Businessman and lawyer
A Bucknell University undergrad who majored in economics and international relations, Held originally thought he would work for the CIA. Law school intervened, and Held got his juris doctorate from Cornell in 1987. But he has never been one to go solely by the law books.
After a little over six years handling corporate law matters at Baker Botts, a large law firm in Houston, Held became associate general counsel at U.S. Ecology Inc., a hazardous waste disposal and treatment company. That company had a change in management and was moved to Idaho. But Held and the former U.S. Ecology management formed a new business plan to strike out on a new venture.
Aware of the fragmented nature of the HVAC industries, they acquired a slew of companies—many of them mom-and-pop variety—and started American Residential Services in 1995. They were successful in putting together an IPO of that company in 1996, and a 1999 sale based on a $270 million enterprise value.

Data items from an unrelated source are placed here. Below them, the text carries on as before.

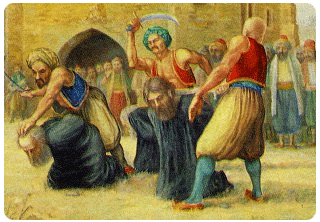 Νέοι ἄνθρωποι, παλληκάρια ἀπάνω στ᾿ ἄνθος τῆς νιότης τους, πηγαίνανε προθυμερὰ νὰ παραδοθοῦνε γιὰ τ᾿ ὄνομα τοῦ Χριστοῦ, κι ἀντὶς ἀρραβωνιάσματα σφαζόντανε σὰν τ᾿ ἀρνιὰ ἡ κρεμαζόντανε μὲ τὴ θελιὰ στὸν λαιμό τους καί, γιὰ νὰ τοὺς τυραγνᾶνε περισσότερο οἱ ἄπιστοι, κόβανε τὸν λαιμό τους σιγὰ -σιγὰ μὲ στομωμένα μαχαίρια ἢ τοὺς χωρίζανε μὲ σάπια σχοινιὰ ποὺ κοβόντανε, γιὰ νὰ τοὺς ξανακρεμάσουνε.
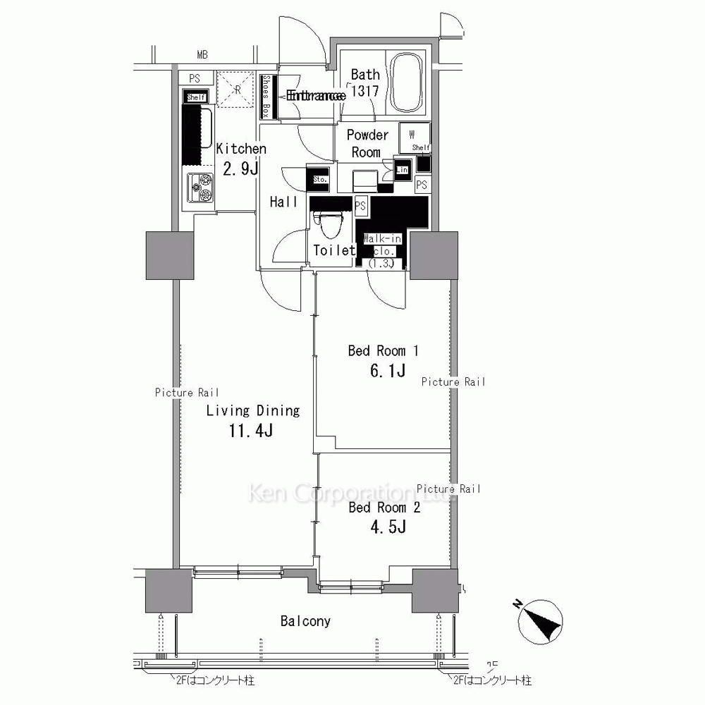 | 間取り / 方位 | 2LDK / 西 |
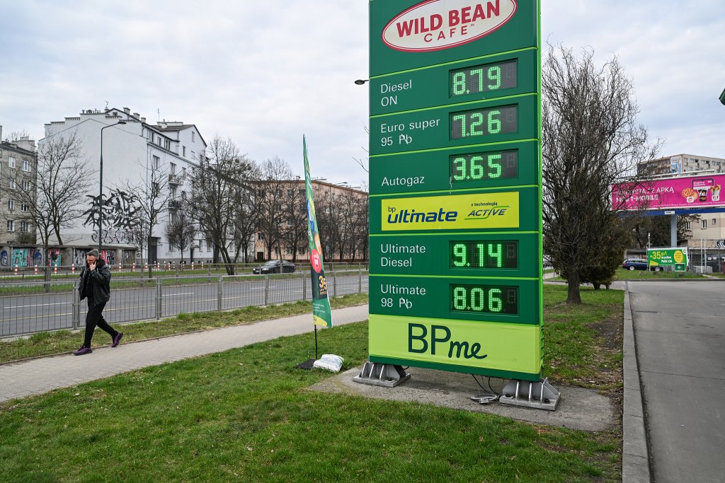 当地时间2026年3月27日,波兰华沙,一家加油站的油价牌。波兰政府将把燃油增值税从23%降至8%,燃油消费税也将降至欧盟法规要求的最低水平。视觉中国 图
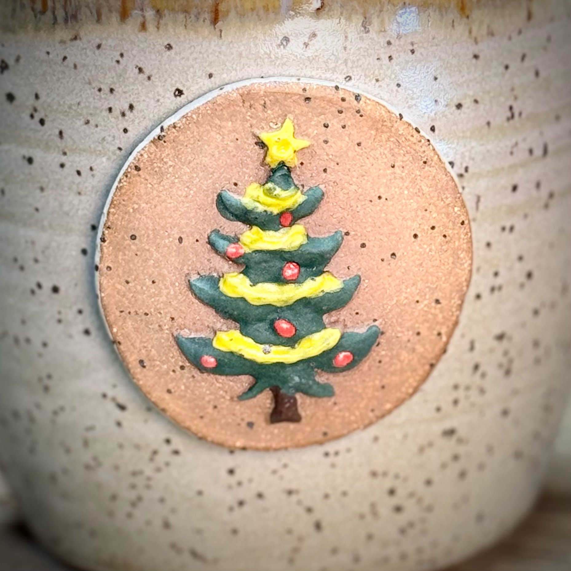 'Tis the Season! This lovely Christmas Tree embossed mug is sure to put you in the Holiday spirit! Hand thrown of stoneware clay, this mug stands at 4" tall and holds 15 oz. of your favorite hot or cold Holiday beverage. Brighten up your darkest winter nights with a bit of Holiday cheer in a beautifully handcrafted mug, and support this independent family operation in the process!
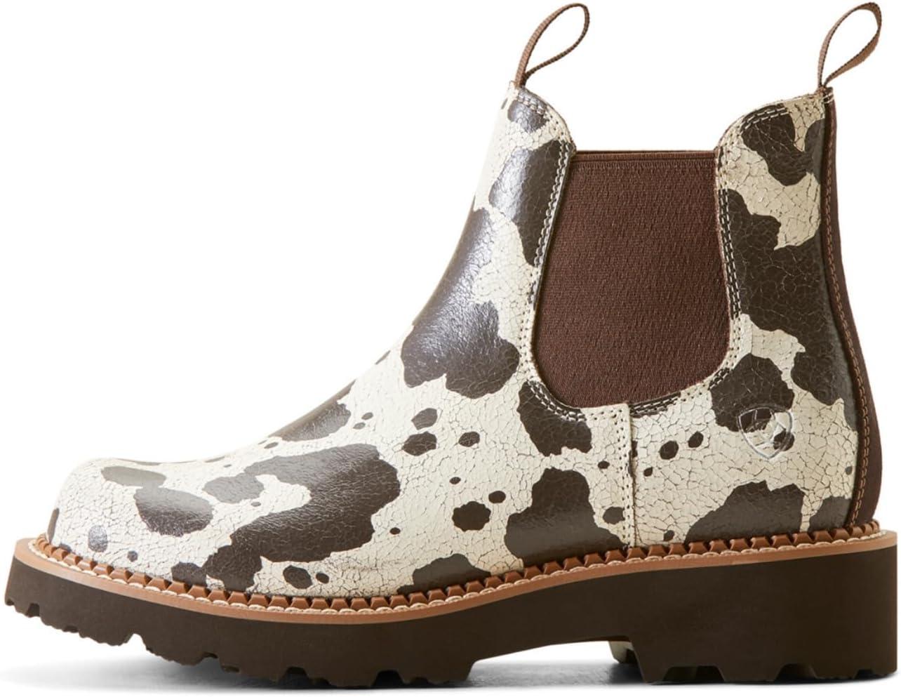 ARIAT Women’s Fatbaby Twin Gore Western Boot(Cow Print)
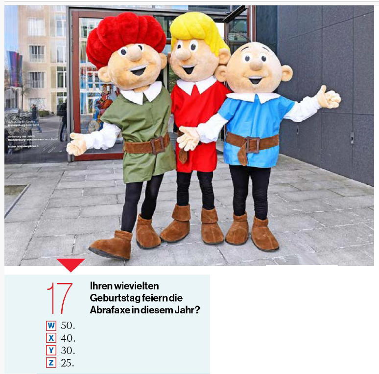 die er nicht nur richtig beantwortete, sondern auch ergänzte, dass die Digedags inzwischen von den Abrafaxen abgelöst wurden.
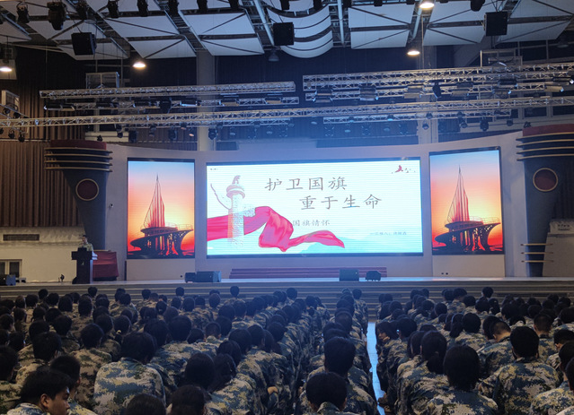 许教官从国旗产生的历史,对国旗的立法以及国旗的重要意义等几个维度充分讲解了作为国家标志的国旗重大使命。一个个鲜活的实例都映射着伟大祖国的复兴之路,南沙守礁官兵使用过的国旗,巡守“蓝色疆土”的海警船上悬挂过的国旗,开山岛上守岛卫士王继才夫妇升起过的国旗,海拔5400多米的巡逻点上象征主权的“石头国旗”,西至帕米尔高原的上升起的国旗,一个个感人至深的故事,都激励着每个同学热爱祖国,并为之而不断奋斗,实现中华民族伟大复兴的中国梦。

Right after that transaction closed, Held and a former ARS operations colleague saw another fragmented service industry in need of consolidation—the bank equipment services industry that outfits banks with pneumatic tubes and other systems for the drive-up windows, security systems and ATMs. So they founded Red Hawk Industries in the Denver area, acquiring more than 20 bank equipment service companies in the process, and sold that company to United Technologies in 2006, based on a $140 million enterprise value.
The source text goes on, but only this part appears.